Multiple sclerosis has no direct effect on fertility, which means that anyone with MS has as good a chance of conceiving with their partner as they would have had if they did not have MS. Choice of contraception may however be influenced by an individuals MS symptoms and treatments.
Good manual dexterity is needed for the use of barrier contraceptives. There is some evidence that antibiotic or immunosuppressive drugs may reduce the effectiveness of intrauterine devices (IUDs).
Some drugs used in the treatment of MS symptoms, including antibiotics, modafinil, phenytoin and carbamazepine, may reduce the effect of oral contraceptives. People with limited mobility may need extra monitoring as the risk of blood clots occurring in the veins in the legs may be increased.
Oral contraceptives, the risk of development MS and impact on progression
Multiple sclerosis is more frequent in women than men. Research from 2005 compared the medical records of 106 women with MS with those of 1,001 women who had not developed MS. They found that women who had used oral contraceptives in the previous three years were 40% less likely to develop MS than those who had not. They also found that the risk of developing MS increased in the six months following pregnancy, but was not otherwise related to bearing children.
The researchers concluded that the hormonal changes that occur whilst using oral contraceptives, and in pregnancy, may reduce the risk of MS in the short-term, and that the period immediately following childbirth may be associated with a short-term increase in the risk of developing MS.
The authors drew attention to other factors that may have influenced the results, such as a pregnancy during the follow-up period, or whether those using the pill were 'healthy' individuals (eg not smokers or overweight), but feel that the study demonstrates the need for more research into the link between hormones and MS.
In a subsequent review comparing results from several studies, the same researchers concluded that oral contraceptives did not affect the risk of developing MS but could delay the onset of multiple sclerosis.
Research presented at the ACTRIMS/ECTRIMS conference in 2014 found the reverse effect.
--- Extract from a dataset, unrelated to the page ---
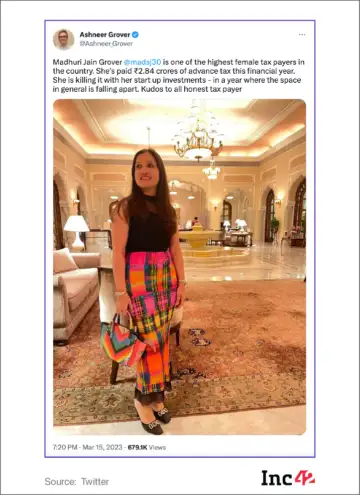 Interestingly, in March 2022, Ashneer sent media details of his and his wife's advance income tax payments. While Ashneer paid over INR 7.1 Cr in advance tax, Madhuri is said to have paid INR 1.11 Cr in advance tax. But it's not clear whether this was the full advance tax for the assessment year 2022-23, or just a portion of the tax owed to the exchequer.
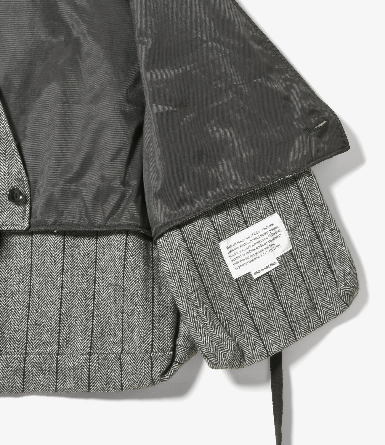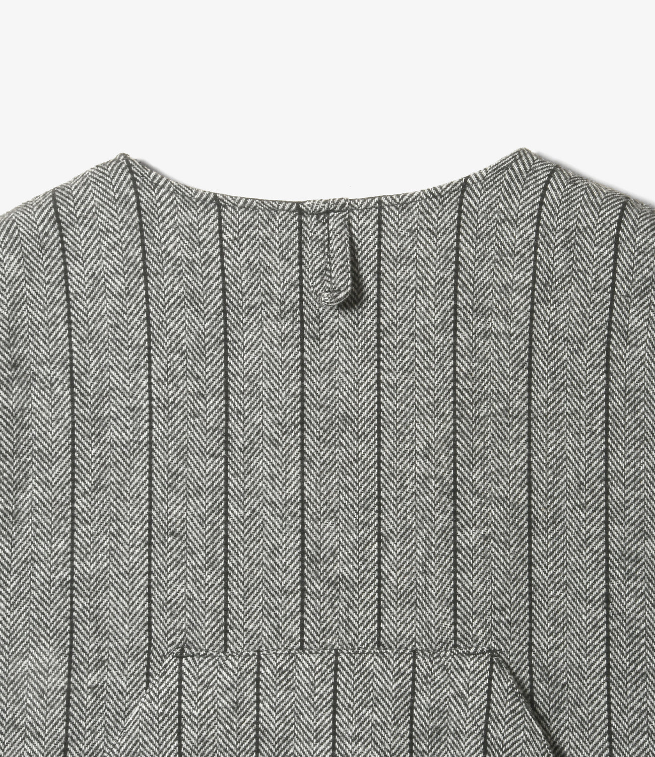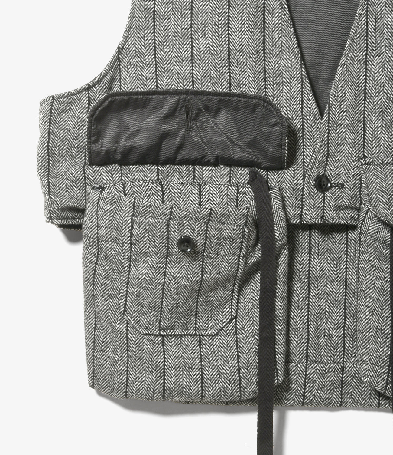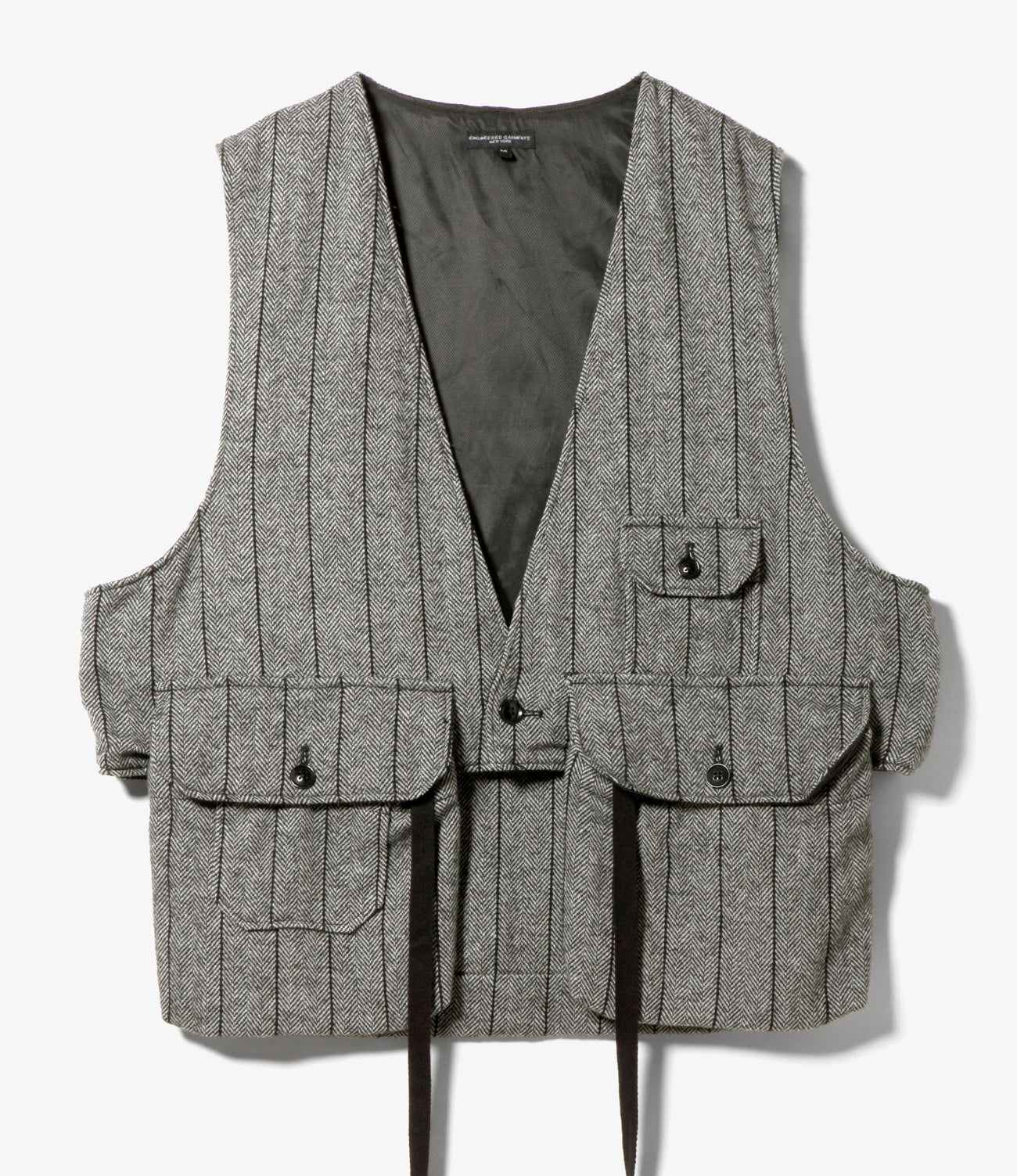 前方へぶら下がるように取り付けられた大容量のフロントポケットや背面のゲームポケットなど、ハンティングベストをルーツに持った、実用性の高いディテールが特徴のアイテム。フロントはスナップボタンの他、ポケット部分に縫い付けられたドローコードでも留める事が可能になっており、インナーとしてだけでなくジャケットなどの上からでも着用しやすいデザインです。シックなカラーのストライプ柄で登場です。

Records from 2008 to 2011 for 4,300 women in California showed that those who had used oral contraceptives containing norethindrone or levonorgestrel had a 57% higher risk of being diagnosed with multiple sclerosis or clinically isolated syndrome (CIS).
There remains scant information on the impact of oral contraceptive use on the prognosis of MS. Recent studies suggest that oral contraceptive use in women with relapsing remitting MS (RRMS) is possibly associated with a milder disabling disease course, whilst in progressive onset MS a more rapid progression occurred when women reported the use of oral contraceptives.
- Archives of Neurology 2005;62(9):1362-1365. Summary Recent use of oral contraceptives and the risk of multiple sclerosis.
- Journal of Neurological Sciences 2009;286(1-2):73-75. Summary Oral contraceptives and the risk of multiple sclerosis: a review of the epidemiologic evidence.
- Journal of Neurological Sciences 2012;317(1-2):47-51. Summary Oral contraceptive use and clinical outcomes in patients with multiple sclerosis.
- Journal of Neurology 2012;259(5):855-861. Summary Menarche, oral contraceptives, pregnancy and progression of disability in relapsing onset and progressive onset multiple sclerosis.